Thursday, 31 May 2018

As You Like It

by William Shakespeare

seen at Shakespeare's Globe on 30 May 2018

Federay Holmes and Elle While direct Jack Laskey as Rosalind, Bettrys Jones as Orlando, Nadia Nadarajah as Celia, Pearce Quigley as Jacques and Helen Schlesinger as both Duke Senior and Duke Frederick, with support from others in the company, in this new production paired with Hamlet (reviewed earlier this month). As in Hamlet the casting is 'gender-blind' with some very interesting and amusing results. In particular, though a number of male Rosalinds have been seen since Adrian Lester's beguiling performance in the 1990s, it is unusual to have a female Orlando. In fact, Jack Laskey himself took the part in the Globe's 2009 production opposite Naomi Frederick's Rosalind.

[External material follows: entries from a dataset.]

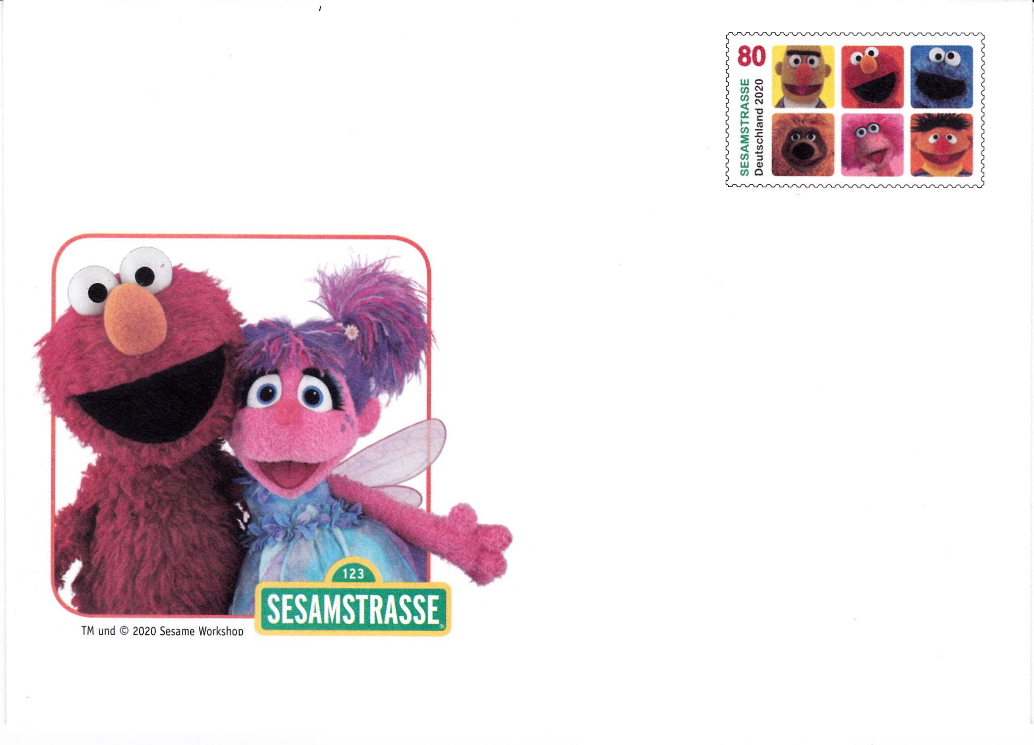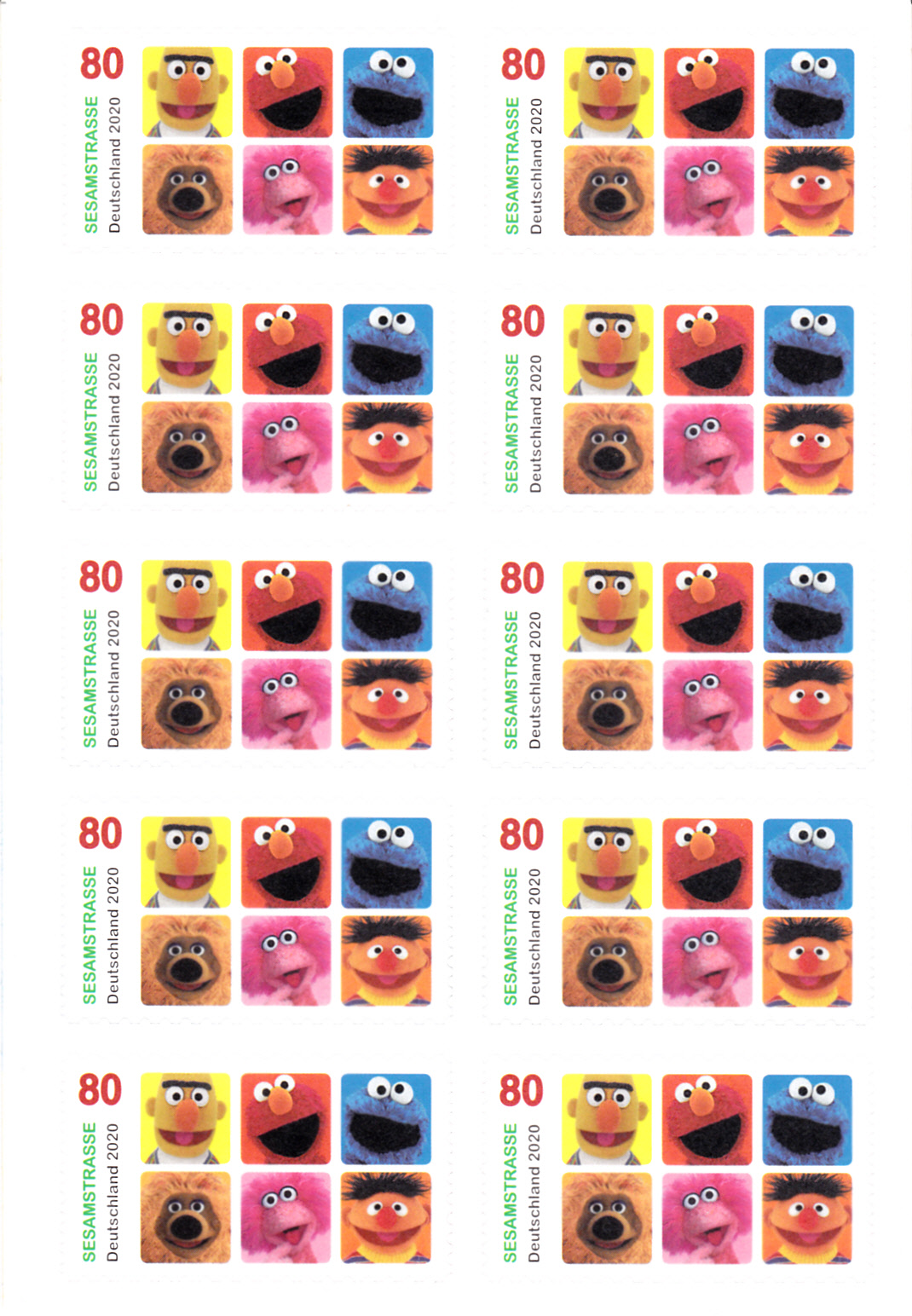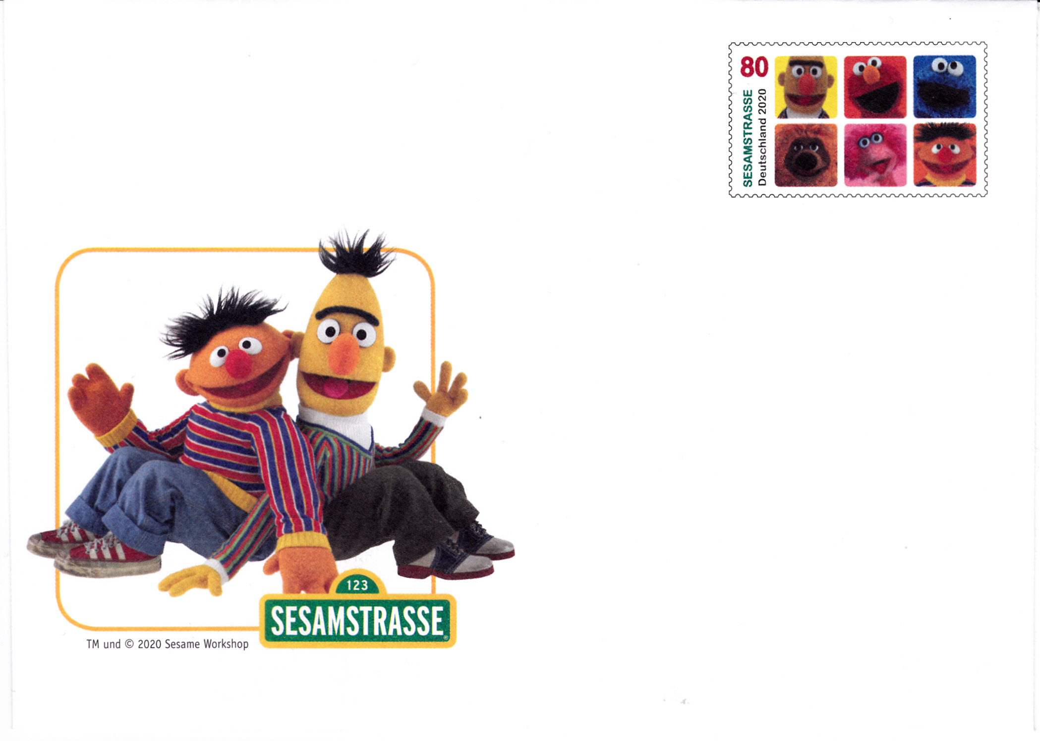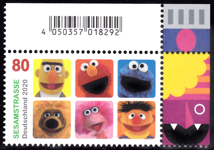 Auf dieser Marke der Deutschen Post (MiNr 3530) sind die Figuren Bert, Elmo, Krümelmonster, Samson, Tiffy und Ernie aus der Kinderfernsehserie "Sesamstraße" zu sehen.
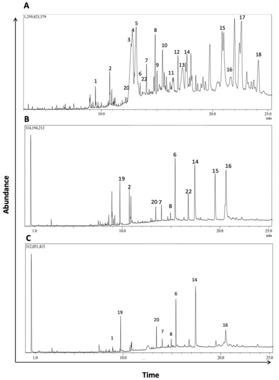 GC/MS chromatogram of M. orbicularis’ parts’ ethanolic extract displaying the elution profile of phytochemicals listed in Table 3. (A) Fruit extracts, (B) leaf extracts, and (C) stem extracts.
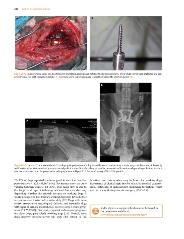 Table 26.1 Summary of the recent studies evaluating surgical outcomes in dogs with DLSS.
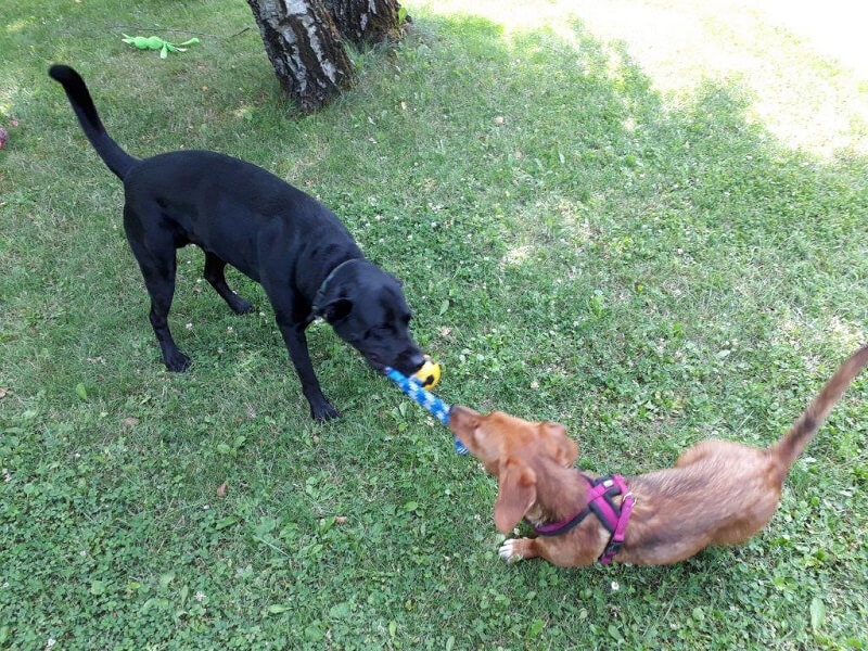 Sie ist sehr lebendig und manchmal ein wenig sekkant zu Ricco - er lässt sich alles gefallen (Wadenbeissen, Leckerli aus dem Mund klauen). Aber sie tut ihm auch sehr gut. Er liebt es, Seil ziehen mit ihr zu spielen und wer ist schneller ums Haus herum.
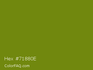Hex #71880e Color is a dark lime color and the nearest color is Trendy Green #7c881a. Hex code #71880e and RGB value is rgb(113,136,14). In RGB color space, this color is composed of 44% red, 53% green, 5% blue, In CMYK color space, this color is composed of 17% cyan, 0% magenta, 90% yellow , 47% black , In HSL color space, this color has a hue angle of 71° , 81% saturation and 29% lightness.
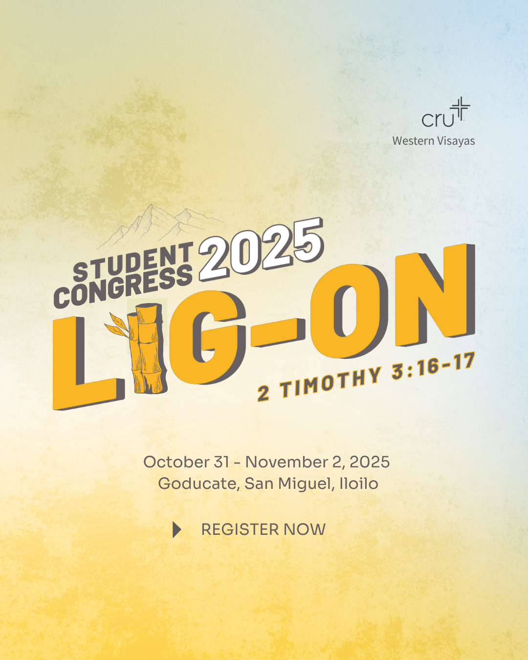 Cru Western Visayas invites you to Student Congress 2025, a dynamic three-day leadership training. This is more than just a gathering—it's an opportunity to deepen your faith, sharpen your skills in evangelism and discipleship, and be empowered to lead on your campus and in your community.
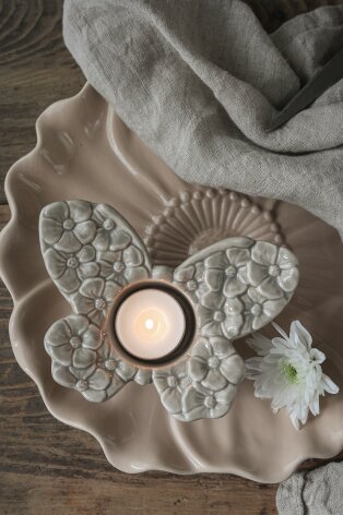 Majas Blomstra Fjäril för värmeljus Mussla
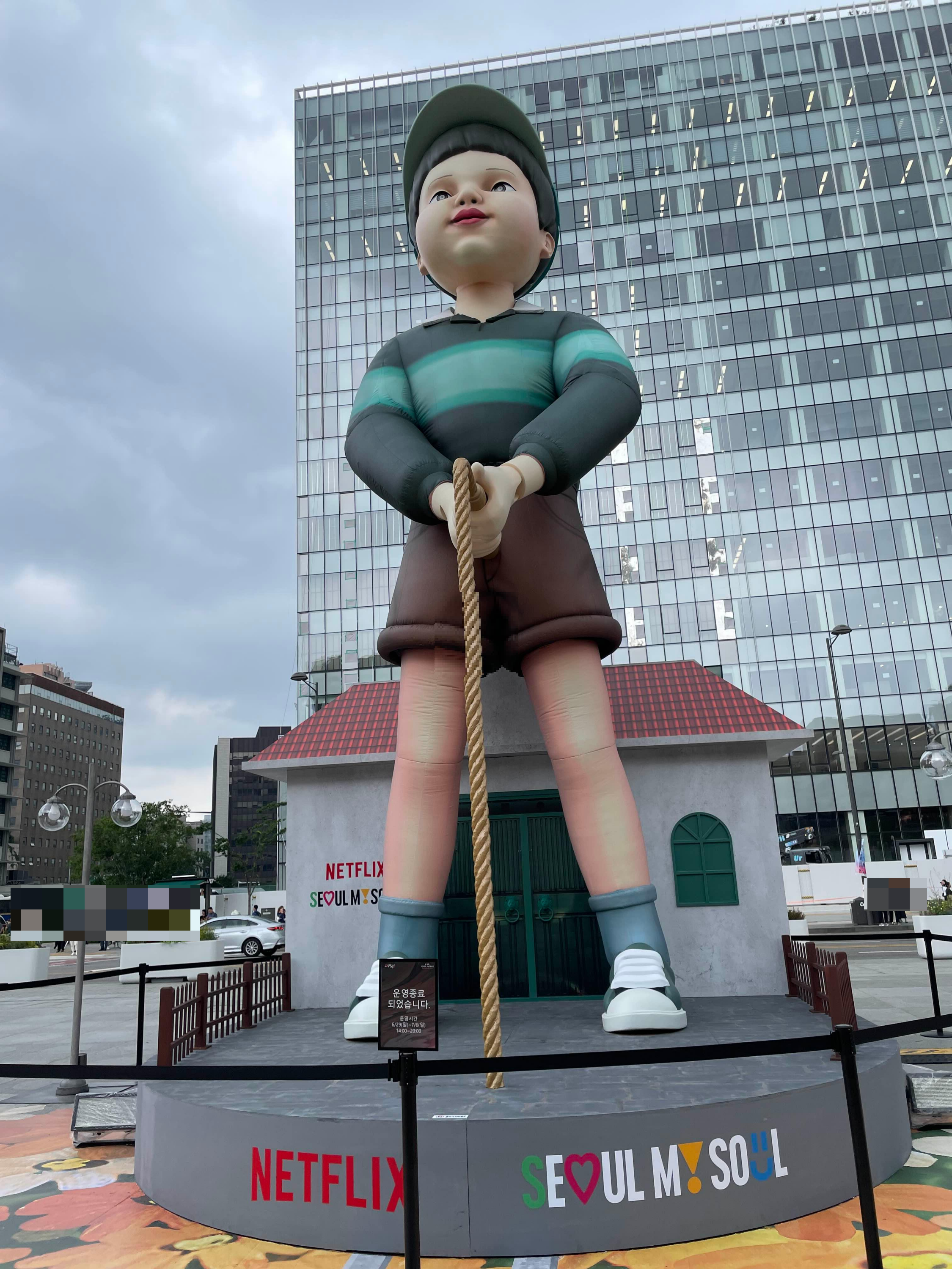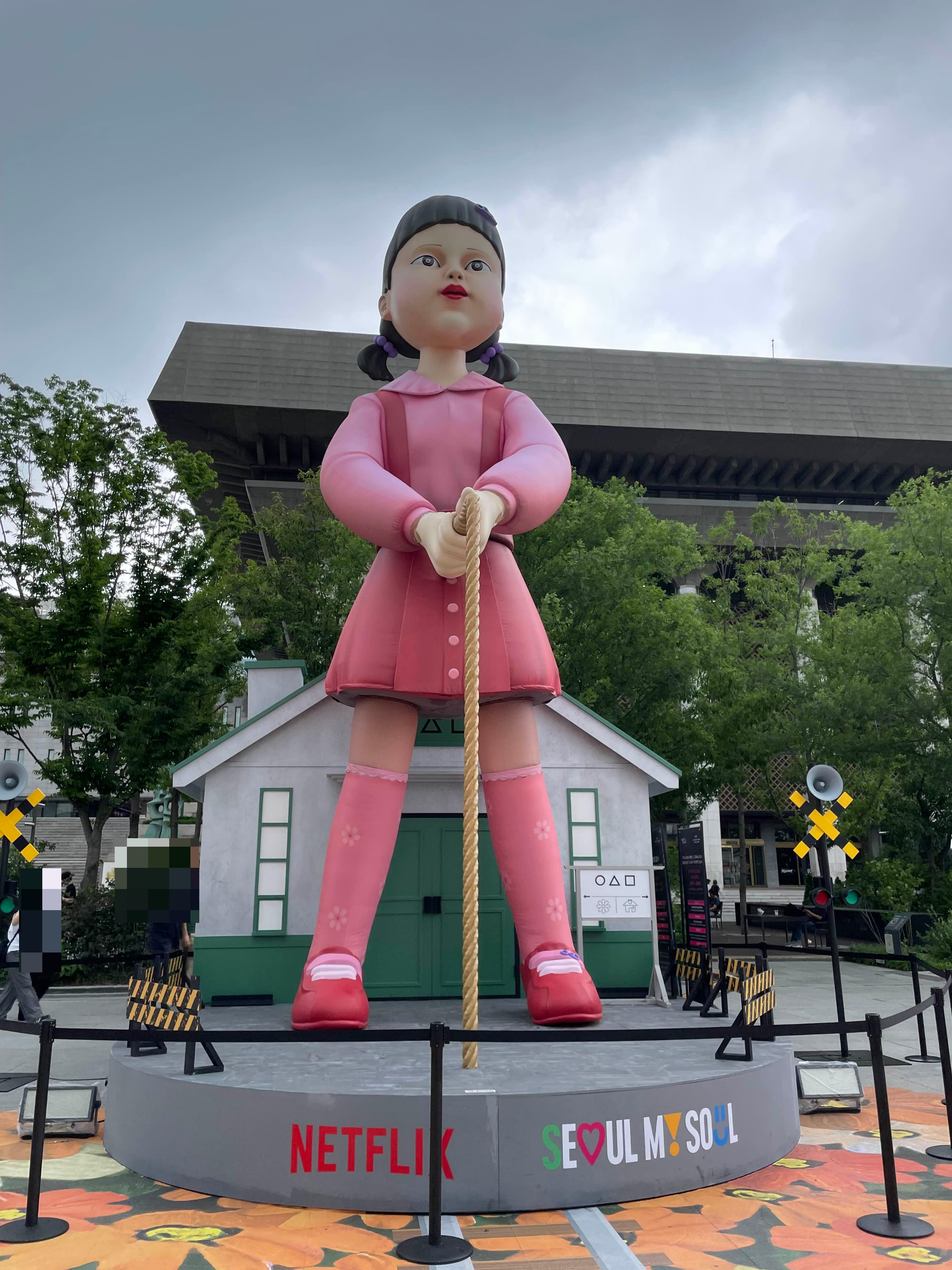 제일 처음 눈에 띄는 것은 역시 오징어 게임의 상징인 영희인데요. 영희가 인기 많은 것 같더라고요. 다들 여기서 사진을 많이 찍었답니다.
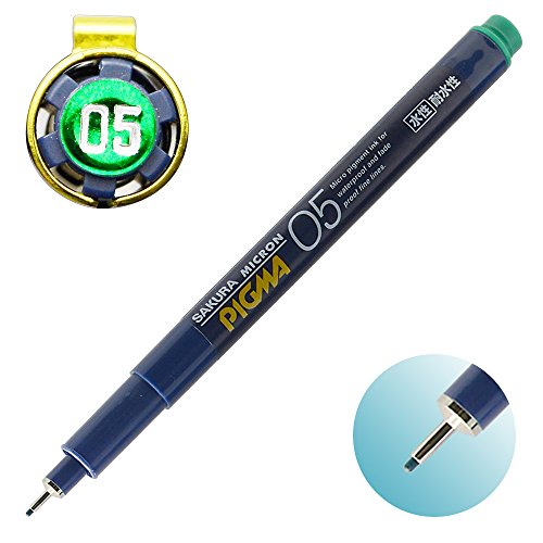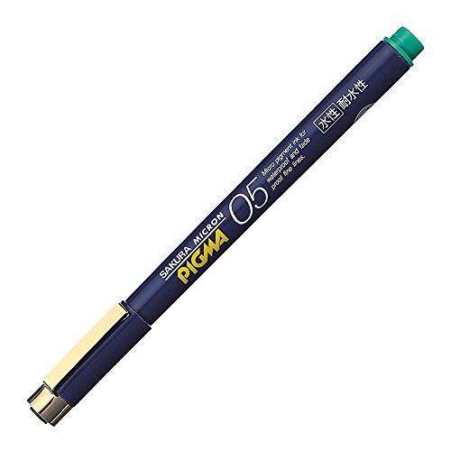 -. Feature : Sakura pigment ink pen, pigma micron 05 green / Model-ESDK05#29 / Water base pigment color pen from Japanese stationary Brand sakura cray-pas, pigma Series
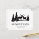 Let friends and family know your new address with these rustic black and white moving announcements. The design features two deer surrounded by pine trees, silhouetted in black on a white background, above the words "Our New Neck of the Woods" in hand-printing font. Add your name and new address below.
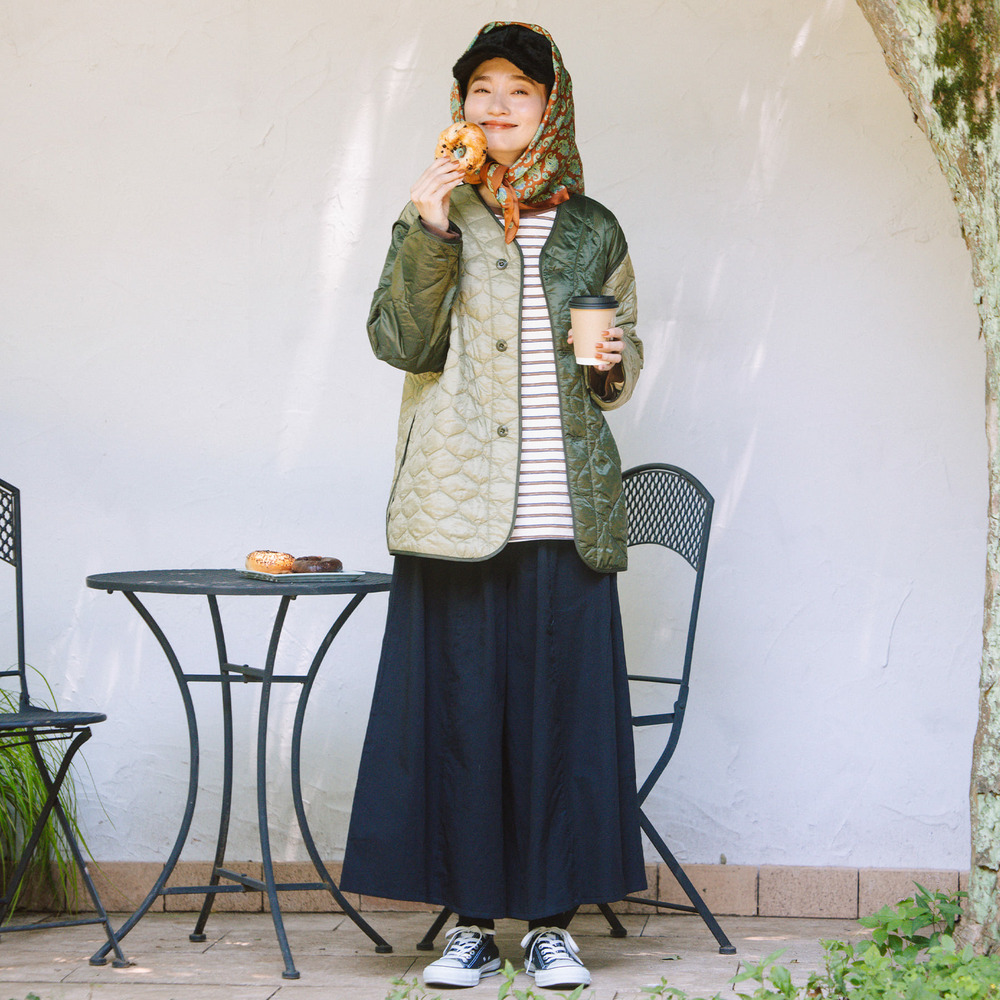 カットソーやニットに重ねて、軽アウター感覚で着回せます。
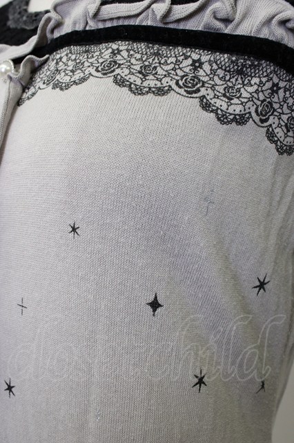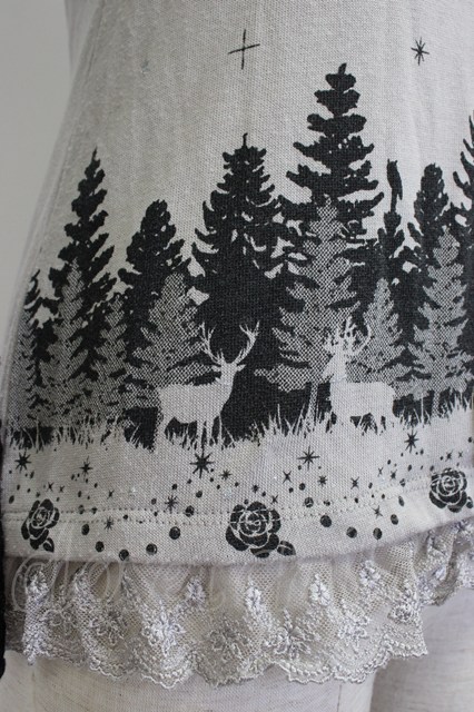 axes femme / レース切り替え森柄トップス グレーX黒 T-26-01-10-001-AX-TO-SA-ZT

In many ways As You Like It proved more suitable to the directing methods proposed in these two productions. The collaborative exploration by the cast was evidently as important as the input of the directors themselves, and this led to a lack of incisive focus in the tragedy; here the effect is not so serious since the play itself is more genial and more tolerant of the exuberance of the results. There were many brilliant touches of  stage business, not least in the comic effect of having a very tall Rosalind and a diminutive Orlando (though on the other hand, credulity was severely strained in Orlando's wrestling match).

The contrast between the court and the Forest of Arden was adroitly handled, especially as there were no visual cues to the forest itself. The same cast members played courtiers and exiles (supporting Helen Schlesinger as both dukes) and changed from one to the other simply by reversing their cloaks in swaggering flourishes without even leaving the stage. This provoked delighted amusement in the audience while at the same time being utterly convincing. The sheer nastiness of Duke Frederick was also underscored here by his impatient treatment of his daughter Celia, here played in BSL by Nadia Nadarajah; her father could not even be bothered to communicate or read the sign language.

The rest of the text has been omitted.